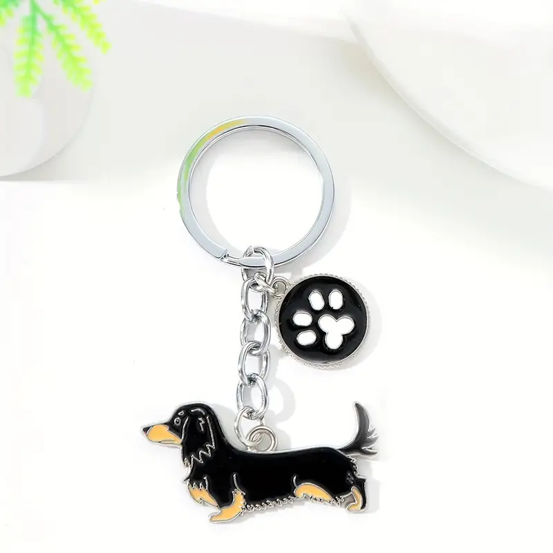 Stylový přívěsek na klíče se psem - jezevčíkem. Na přívěsku je krásný chlupatý černý jezevčík s hnědým pálením. Klíčenka s populárním plemenem jezevčík je vhodná pro všechny milovníky psů. Na klíčence je i přívěsek tlapičky, která je z jedné strany černá a z druhé bílá.
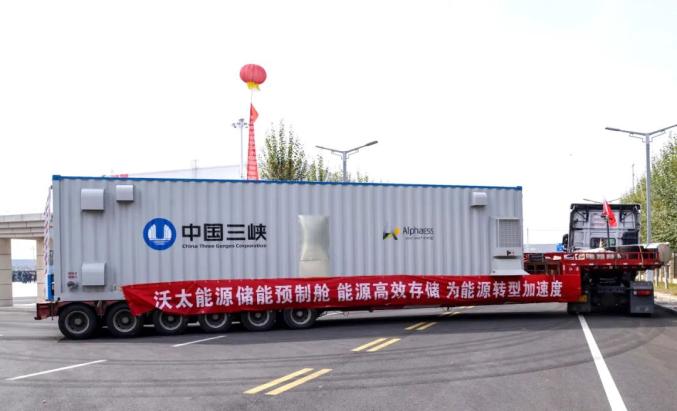 10月17日,在三峽現(xiàn)代能源創(chuàng)新示范園內(nèi),隨著2輛裝載儲能預(yù)制艙的裝備物流車緩緩駛出,標(biāo)志著沃太能源儲能系統(tǒng)首套預(yù)制艙正式下線。副市長方澤出席下線儀式。
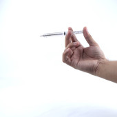Zdjęcie "Strzykawka, zastrzyk medyczny w ręku, sprzęt do szczepień z tworzywa sztucznego z igłą wyizolowaną na białym tle. ścieżki wycinania." może być wykorzystywane do celów osobistych i komercyjnych zgodnie z warunkami zakupionej licencji Royalty-free. Obraz jest dostępny do pobrania w jakości wysokiej rozdzielczości do 5760x3840.
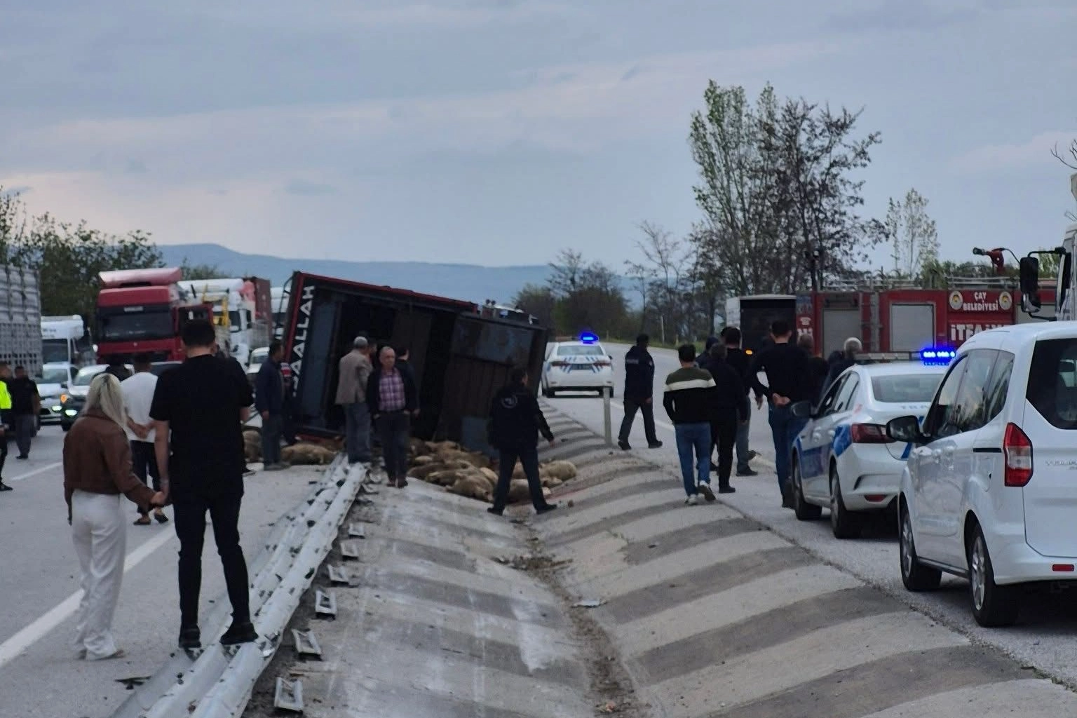 Kaza, Çay ilçesi Pazaraağaç beldesi yakınlarında meydana geldi. Edinilen bilgilere göre, H.M.A., idaresindeki 42 L 5525 plakalı kamyon sürücüsünün henüz belirlenemeyen bir sebepten ötürü direksiyon hakimiyetini kaybetmesi sonucu kontrolden çıktı. Savrulan araç ardından yol ortasındaki refüje devrildi. Olayda kamyonun kasasında taşıdığı 240 hayvan etrafa dağıldı. Olayda 53 koyun telef olurken, yaralı olan 17 koyun ise telef olmadan çevredekiler tarafından kesildi. Diğer koyunlar ise belediyeye ait hayvan pazarına götürülerek koruma altına alındı. Olayda yaralanan kamyon sürücüsü ise bölgeye gelen ambulansla hastaneye kaldırıldı. Kaza sonrası jandarma tarafından başlatılan inceleme devam ediyor.
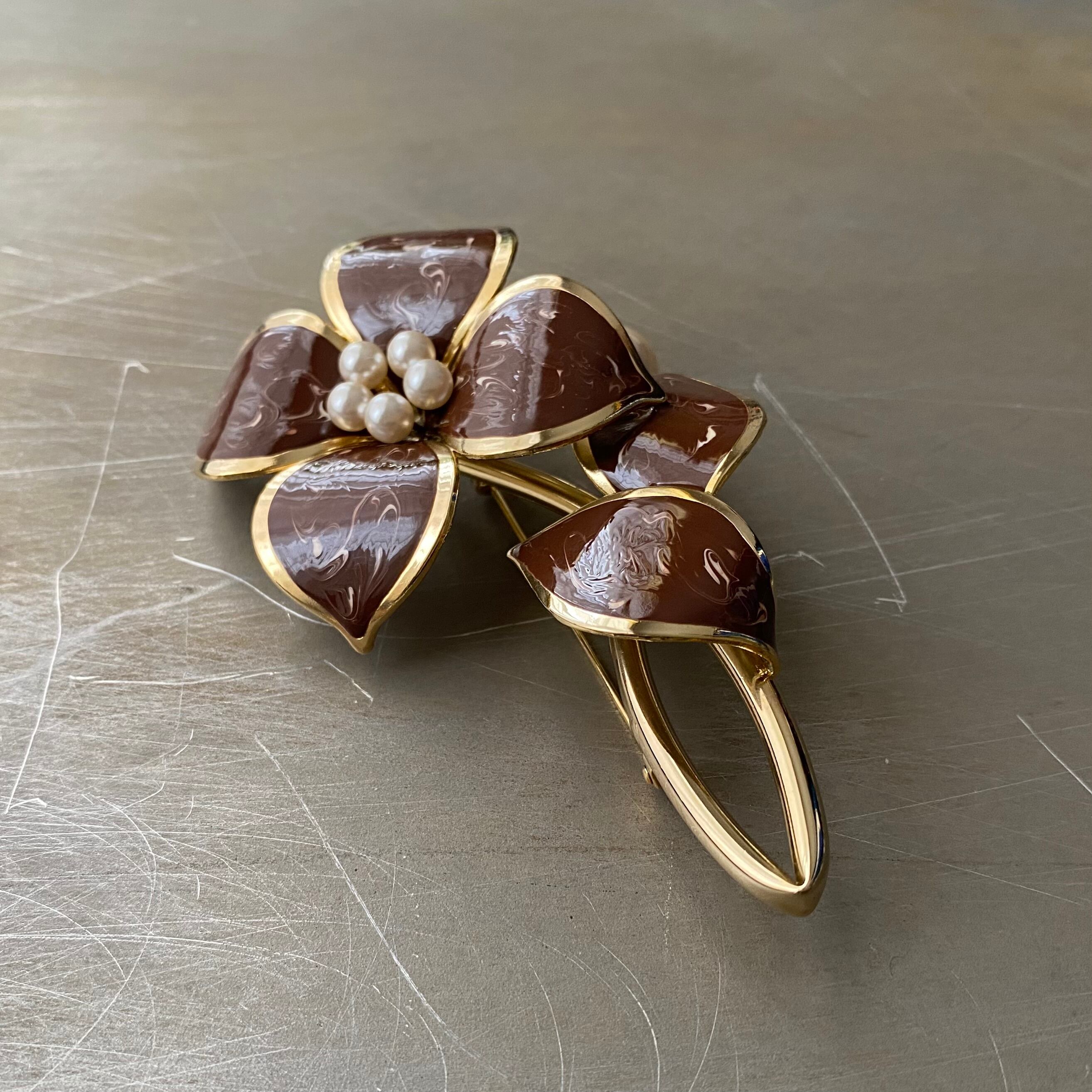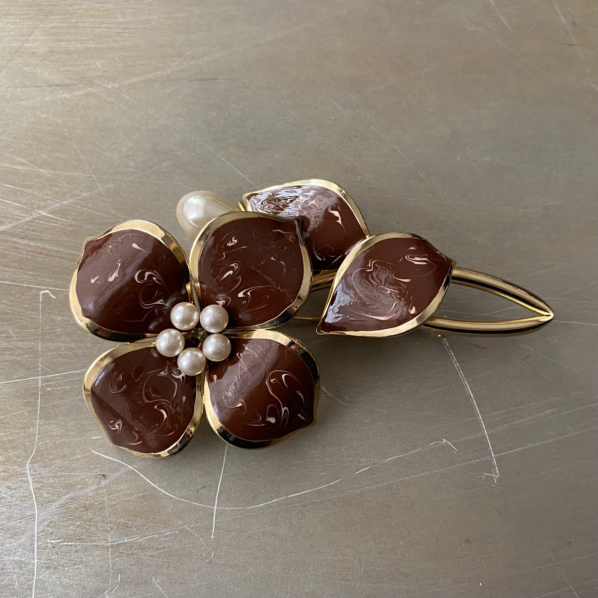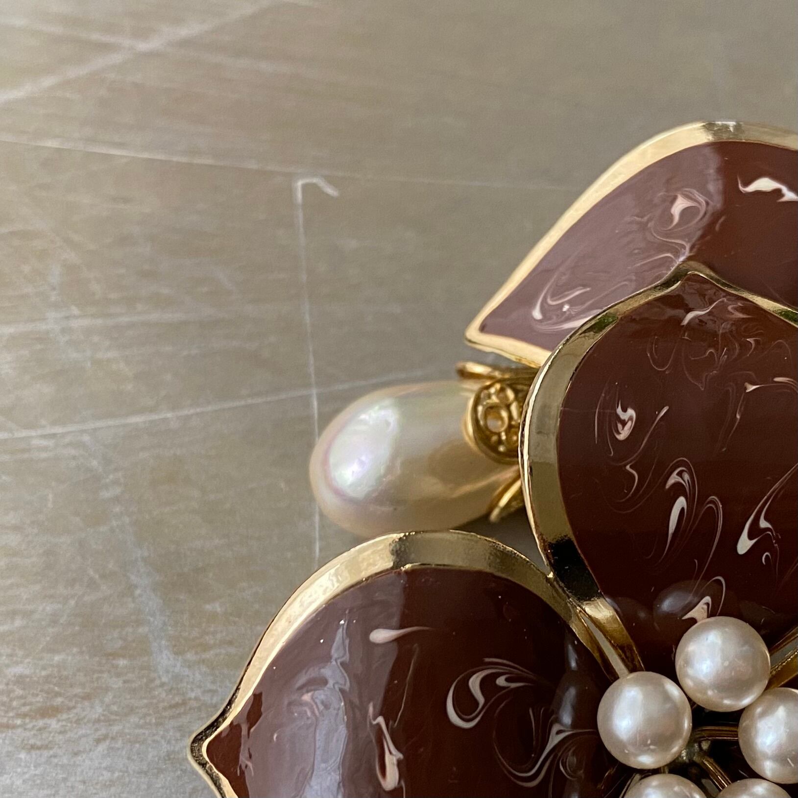 Vintage 80s-90s retro botanical flower enamel pearl big brooch レトロ ヴィンテージ アクセサリー ボタニカル フラワー 花 エナメル パール ビッグ ブローチ
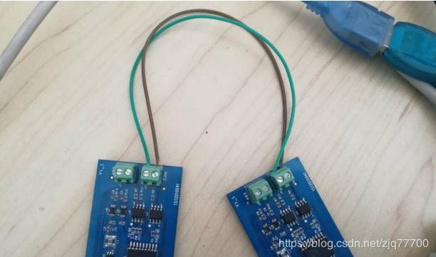 测试 can,使用的是两块迅为4418开发板。需要两选配CAN 总线模块,排母一段接开发板“GPIO/CAN/485”,can 模块的+连接+,-连接-,如下图所示。
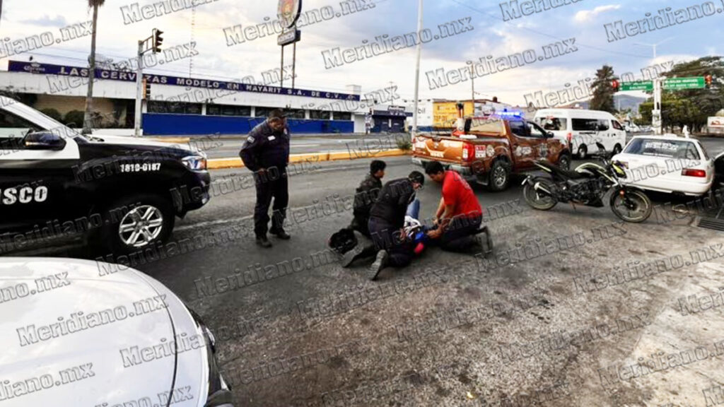 Una joven que conducía una motocicleta resultó lesionada tras ser impactada por un taxi en el cruce del bulevar Tepic-Xalisco y la calle Álamo, justo frente a una reconocida empresa cervecera en la ciudad de Xalisco.
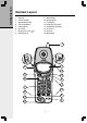 Getting Started Handset Layout 1. 2. 3. 4. 5. 6. 7. 8. Antenna Volume Control Speakerphone LED CID (Scroll Down) Select (Menu) On (Flash) Dialing Keys (0-9, , #) Redial (Pause) 9. 10. 11. 12. 13. 14. 15. 16. Mute (Delete) Speakerphone LCD Display Headset jack (2.
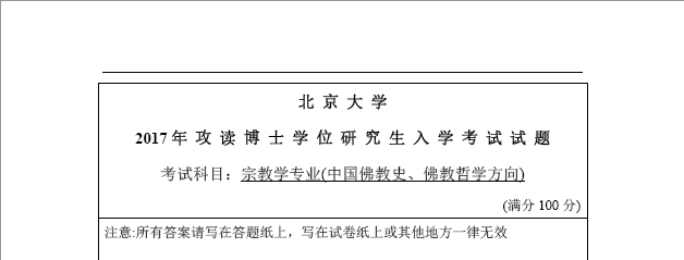 2017年北京大学宗教学(中国佛教史、佛教哲学方向)考博真题博士研究生入学考试试题.pdf
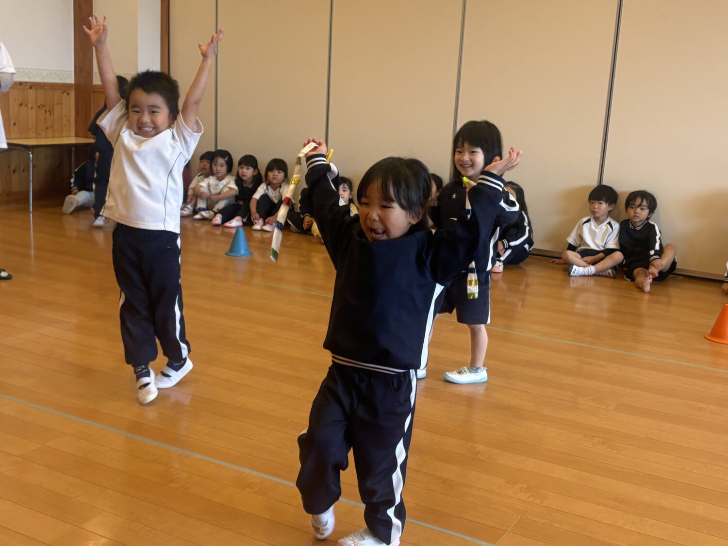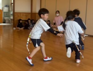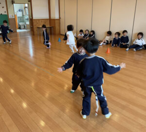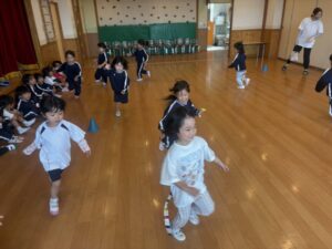 初めてしっぽ取りゲーム、みんな同じ方向に走り、なんだかお魚の群れのようなばらぐみさんでした😆笑
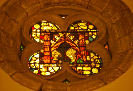 Oval window; composite replacement glass; 15th, 16th century French Gothic chapel; Philadelphia Museum of Art, Philadelphia, Pennsylvania, USA. December 2012.

Work instruction:
From the first line to the last, set down the records exactly, leaving out images.

Result for this task:
 Stylový přívěsek na klíče se psem - jezevčíkem. Na přívěsku je krásný chlupatý černý jezevčík s hnědým pálením. Klíčenka s populárním plemenem jezevčík je vhodná pro všechny milovníky psů. Na klíčence je i přívěsek tlapičky, která je z jedné strany černá a z druhé bílá.
 10月17日,在三峽現(xiàn)代能源創(chuàng)新示范園內(nèi),隨著2輛裝載儲能預(yù)制艙的裝備物流車緩緩駛出,標(biāo)志著沃太能源儲能系統(tǒng)首套預(yù)制艙正式下線。副市長方澤出席下線儀式。
Zdjęcie "Strzykawka, zastrzyk medyczny w ręku, sprzęt do szczepień z tworzywa sztucznego z igłą wyizolowaną na białym tle. ścieżki wycinania." może być wykorzystywane do celów osobistych i komercyjnych zgodnie z warunkami zakupionej licencji Royalty-free. Obraz jest dostępny do pobrania w jakości wysokiej rozdzielczości do 5760x3840.
 Kaza, Çay ilçesi Pazaraağaç beldesi yakınlarında meydana geldi. Edinilen bilgilere göre, H.M.A., idaresindeki 42 L 5525 plakalı kamyon sürücüsünün henüz belirlenemeyen bir sebepten ötürü direksiyon hakimiyetini kaybetmesi sonucu kontrolden çıktı. Savrulan araç ardından yol ortasındaki refüje devrildi. Olayda kamyonun kasasında taşıdığı 240 hayvan etrafa dağıldı. Olayda 53 koyun telef olurken, yaralı olan 17 koyun ise telef olmadan çevredekiler tarafından kesildi. Diğer koyunlar ise belediyeye ait hayvan pazarına götürülerek koruma altına alındı. Olayda yaralanan kamyon sürücüsü ise bölgeye gelen ambulansla hastaneye kaldırıldı. Kaza sonrası jandarma tarafından başlatılan inceleme devam ediyor.
 Vintage 80s-90s retro botanical flower enamel pearl big brooch レトロ ヴィンテージ アクセサリー ボタニカル フラワー 花 エナメル パール ビッグ ブローチ
 测试 can,使用的是两块迅为4418开发板。需要两选配CAN 总线模块,排母一段接开发板“GPIO/CAN/485”,can 模块的+连接+,-连接-,如下图所示。
 Una joven que conducía una motocicleta resultó lesionada tras ser impactada por un taxi en el cruce del bulevar Tepic-Xalisco y la calle Álamo, justo frente a una reconocida empresa cervecera en la ciudad de Xalisco.
 Getting Started Handset Layout 1. 2. 3. 4. 5. 6. 7. 8. Antenna Volume Control Speakerphone LED CID (Scroll Down) Select (Menu) On (Flash) Dialing Keys (0-9, , #) Redial (Pause) 9. 10. 11. 12. 13. 14. 15. 16. Mute (Delete) Speakerphone LCD Display Headset jack (2.
 2017年北京大学宗教学(中国佛教史、佛教哲学方向)考博真题博士研究生入学考试试题.pdf
 初めてしっぽ取りゲーム、みんな同じ方向に走り、なんだかお魚の群れのようなばらぐみさんでした😆笑
 Oval window; composite replacement glass; 15th, 16th century French Gothic chapel; Philadelphia Museum of Art, Philadelphia, Pennsylvania, USA. December 2012.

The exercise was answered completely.